There should be no pictures in your answer, only an exact copy of the lines from the one with "6코 6/6 악마, 속공, 내" through the end of the material.

********

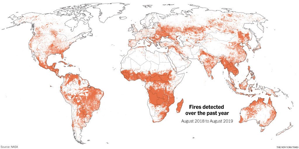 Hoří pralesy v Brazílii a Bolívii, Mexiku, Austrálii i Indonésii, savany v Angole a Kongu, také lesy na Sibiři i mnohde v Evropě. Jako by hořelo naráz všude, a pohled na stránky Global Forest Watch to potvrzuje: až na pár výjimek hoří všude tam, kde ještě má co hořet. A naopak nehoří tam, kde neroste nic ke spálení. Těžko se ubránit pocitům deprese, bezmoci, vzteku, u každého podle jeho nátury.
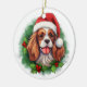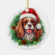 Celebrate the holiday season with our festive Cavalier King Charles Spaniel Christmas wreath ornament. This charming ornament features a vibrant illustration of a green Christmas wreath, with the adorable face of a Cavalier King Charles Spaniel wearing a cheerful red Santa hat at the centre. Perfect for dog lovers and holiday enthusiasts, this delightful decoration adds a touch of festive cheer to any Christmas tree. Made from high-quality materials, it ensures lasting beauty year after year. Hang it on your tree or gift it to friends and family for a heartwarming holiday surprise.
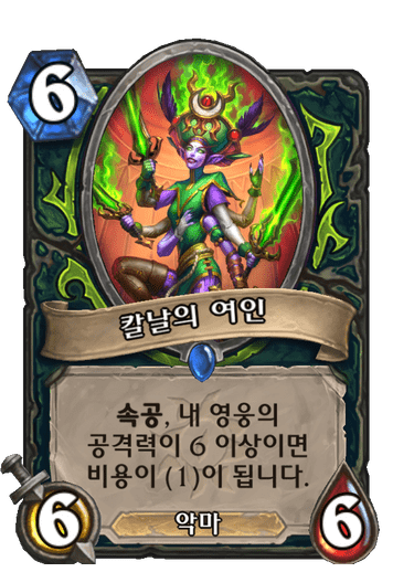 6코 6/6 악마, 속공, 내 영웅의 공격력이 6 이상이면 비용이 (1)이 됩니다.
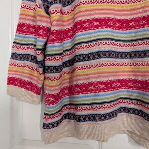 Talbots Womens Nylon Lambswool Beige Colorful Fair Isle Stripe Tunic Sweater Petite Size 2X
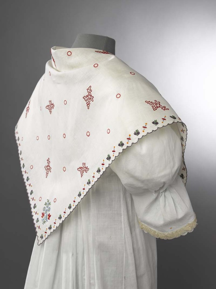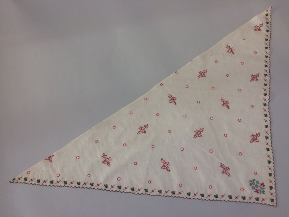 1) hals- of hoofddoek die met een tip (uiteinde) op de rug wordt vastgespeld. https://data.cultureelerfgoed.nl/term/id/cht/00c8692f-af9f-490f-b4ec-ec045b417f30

********

SOLUTION TO THE PROBLEM |
 6코 6/6 악마, 속공, 내 영웅의 공격력이 6 이상이면 비용이 (1)이 됩니다.
 Talbots Womens Nylon Lambswool Beige Colorful Fair Isle Stripe Tunic Sweater Petite Size 2X
 1) hals- of hoofddoek die met een tip (uiteinde) op de rug wordt vastgespeld. https://data.cultureelerfgoed.nl/term/id/cht/00c8692f-af9f-490f-b4ec-ec045b417f30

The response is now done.